Comparing TL1 with ND and ARIMA based methods, we see an advantage in most cases. This confirms our assumption that whether the day is a holiday has a significant influence on the value observed on that day. TL1 makes use of that information to explain some of the “outliers” in the data. This can largely reduce the number of false alarms and therefore increase the precision.

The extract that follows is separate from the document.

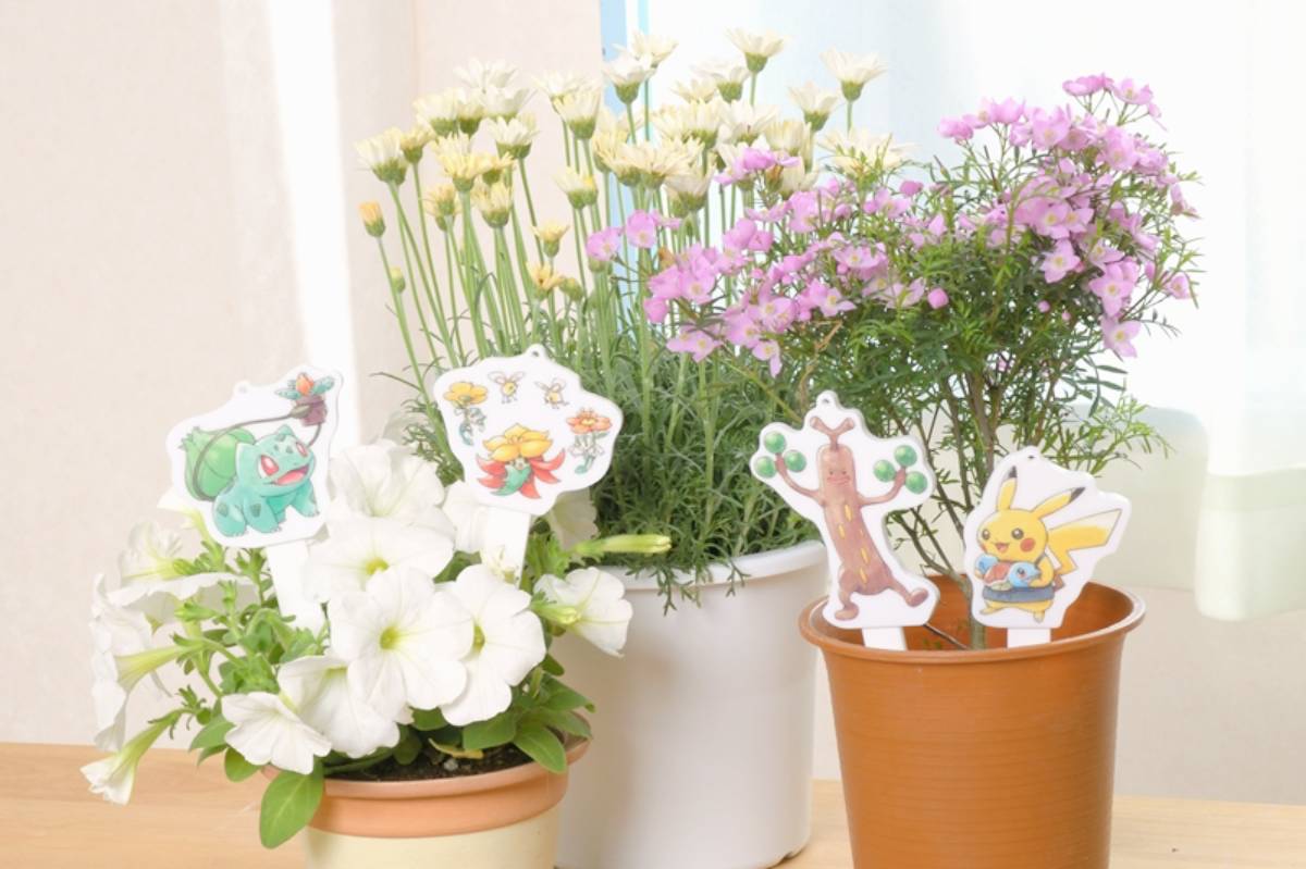 緊扣園藝店主題,這次也有植栽週邊可入手,像是可愛花盆的黃色萬壽菊、白色百日菊,以及印著走路草、皮卡丘、妙蛙種子等寶可夢的繽紛插畫版,不僅能插入土裡裝飾盆栽,還可以拆下作為吊飾使用。

Comparing TL2 with TL1, TL2 dominates TL1 in almost all cases. This proves the usefulness of additional information (EHR counts for CDS data and weather for Bike data), and demonstrates the flexibility of our method. Whenever there is new potentially useful information, we can add it as new context variable(s) to improve the performance. In reality, it is hard to tell beforehand which context variables will be helpful for detecting outliers. For our method, we can just add all the variables that might be helpful and have the model learn which are. This, we think, is a big advantage over a rule-based model, which needs expert knowledge and/or trial-and-error to find out which variables are useful and to define correct rules to filter out false alarms.

Conclusion

We have developed a new two-layer method for online outlier detection in nonstationary time series. The first layer removes non-stationarity and temporal dependencies and computes the local deviation scores. The second layer makes use of the context variables, which may explain some “outliers” in the data, through Bayesian linear regression on the first-layer output. We tested the method using data sets from three different domains. Compared with traditional methods, our method can handle nonstationary time series and use context variables to filter out explicable “outliers”, resulting in reduced false alarms and increased precision at reasonable alerting rates, which is of crucial importance for building monitoring and alerting systems.